--- Extracted data Enclosed Below ---

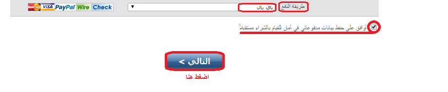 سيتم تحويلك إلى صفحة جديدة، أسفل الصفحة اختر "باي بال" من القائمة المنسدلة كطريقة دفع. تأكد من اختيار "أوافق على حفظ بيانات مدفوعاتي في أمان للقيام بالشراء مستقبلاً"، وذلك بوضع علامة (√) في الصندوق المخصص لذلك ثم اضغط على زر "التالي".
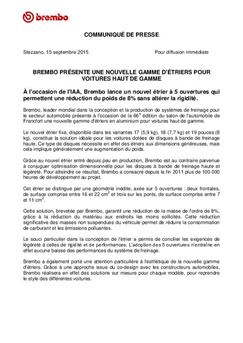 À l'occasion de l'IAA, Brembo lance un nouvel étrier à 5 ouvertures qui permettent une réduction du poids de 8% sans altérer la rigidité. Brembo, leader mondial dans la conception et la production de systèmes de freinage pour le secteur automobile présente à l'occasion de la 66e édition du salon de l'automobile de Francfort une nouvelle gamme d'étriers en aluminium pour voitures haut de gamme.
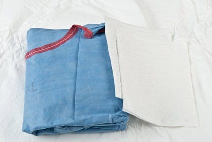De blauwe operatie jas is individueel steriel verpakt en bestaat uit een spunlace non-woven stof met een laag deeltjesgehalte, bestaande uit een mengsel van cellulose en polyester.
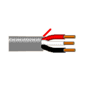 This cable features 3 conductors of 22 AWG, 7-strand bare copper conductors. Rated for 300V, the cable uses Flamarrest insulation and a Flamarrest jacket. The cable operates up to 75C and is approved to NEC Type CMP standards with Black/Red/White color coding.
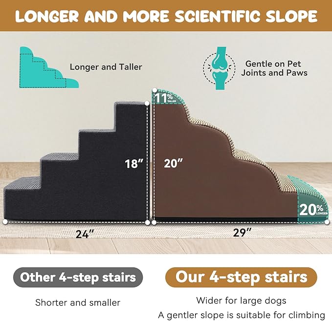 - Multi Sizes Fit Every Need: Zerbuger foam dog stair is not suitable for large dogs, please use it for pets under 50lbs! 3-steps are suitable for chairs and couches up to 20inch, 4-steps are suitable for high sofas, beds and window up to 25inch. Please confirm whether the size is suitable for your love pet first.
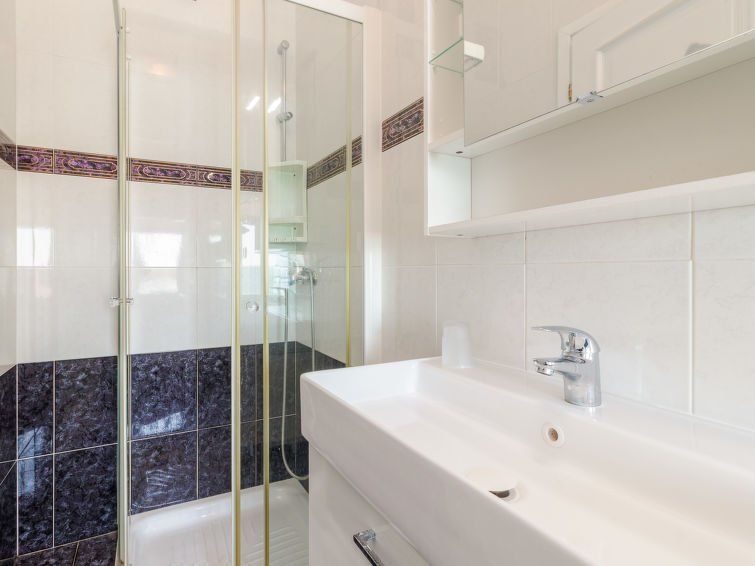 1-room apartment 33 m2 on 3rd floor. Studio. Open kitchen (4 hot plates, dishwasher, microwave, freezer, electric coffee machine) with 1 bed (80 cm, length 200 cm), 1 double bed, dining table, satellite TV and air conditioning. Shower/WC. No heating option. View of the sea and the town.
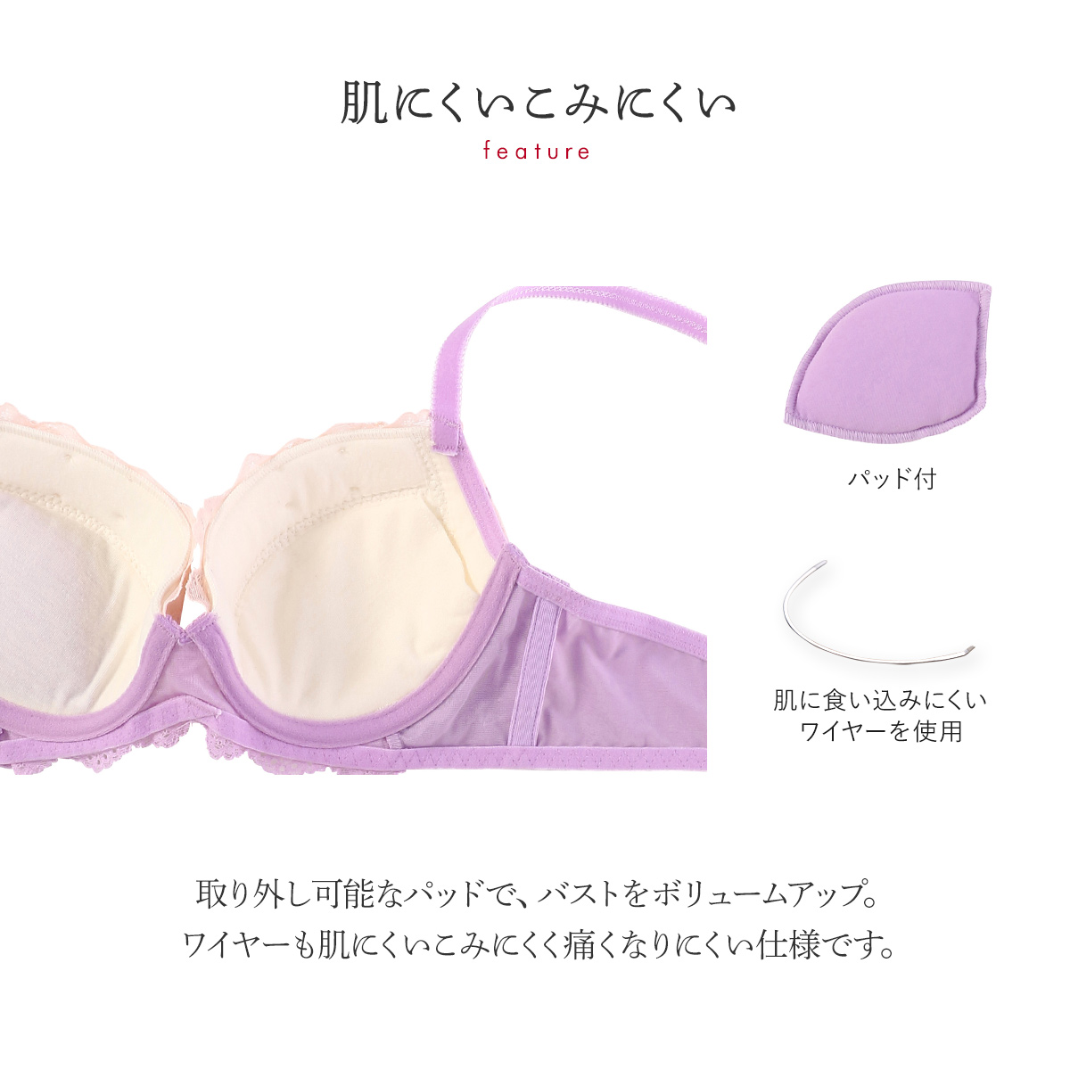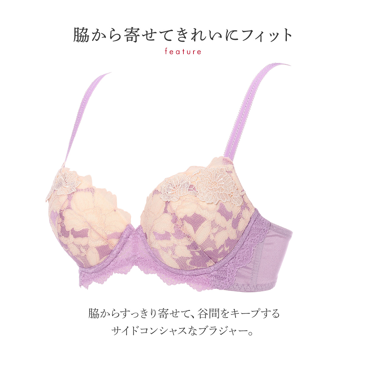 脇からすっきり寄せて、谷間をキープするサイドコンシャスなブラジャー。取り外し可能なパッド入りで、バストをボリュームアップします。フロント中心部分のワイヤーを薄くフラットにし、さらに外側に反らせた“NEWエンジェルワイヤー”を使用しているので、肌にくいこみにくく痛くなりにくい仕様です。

--- End of Enclosed Extracted data ---

- Work instruction
All of the lines above should be copied exactly, apart from the pictures.

- Task result
 سيتم تحويلك إلى صفحة جديدة، أسفل الصفحة اختر "باي بال" من القائمة المنسدلة كطريقة دفع. تأكد من اختيار "أوافق على حفظ بيانات مدفوعاتي في أمان للقيام بالشراء مستقبلاً"، وذلك بوضع علامة (√) في الصندوق المخصص لذلك ثم اضغط على زر "التالي".
 À l'occasion de l'IAA, Brembo lance un nouvel étrier à 5 ouvertures qui permettent une réduction du poids de 8% sans altérer la rigidité. Brembo, leader mondial dans la conception et la production de systèmes de freinage pour le secteur automobile présente à l'occasion de la 66e édition du salon de l'automobile de Francfort une nouvelle gamme d'étriers en aluminium pour voitures haut de gamme.
De blauwe operatie jas is individueel steriel verpakt en bestaat uit een spunlace non-woven stof met een laag deeltjesgehalte, bestaande uit een mengsel van cellulose en polyester.
 This cable features 3 conductors of 22 AWG, 7-strand bare copper conductors. Rated for 300V, the cable uses Flamarrest insulation and a Flamarrest jacket. The cable operates up to 75C and is approved to NEC Type CMP standards with Black/Red/White color coding.
 - Multi Sizes Fit Every Need: Zerbuger foam dog stair is not suitable for large dogs, please use it for pets under 50lbs! 3-steps are suitable for chairs and couches up to 20inch, 4-steps are suitable for high sofas, beds and window up to 25inch. Please confirm whether the size is suitable for your love pet first.
 1-room apartment 33 m2 on 3rd floor. Studio. Open kitchen (4 hot plates, dishwasher, microwave, freezer, electric coffee machine) with 1 bed (80 cm, length 200 cm), 1 double bed, dining table, satellite TV and air conditioning. Shower/WC. No heating option. View of the sea and the town.
 脇からすっきり寄せて、谷間をキープするサイドコンシャスなブラジャー。取り外し可能なパッド入りで、バストをボリュームアップします。フロント中心部分のワイヤーを薄くフラットにし、さらに外側に反らせた“NEWエンジェルワイヤー”を使用しているので、肌にくいこみにくく痛くなりにくい仕様です。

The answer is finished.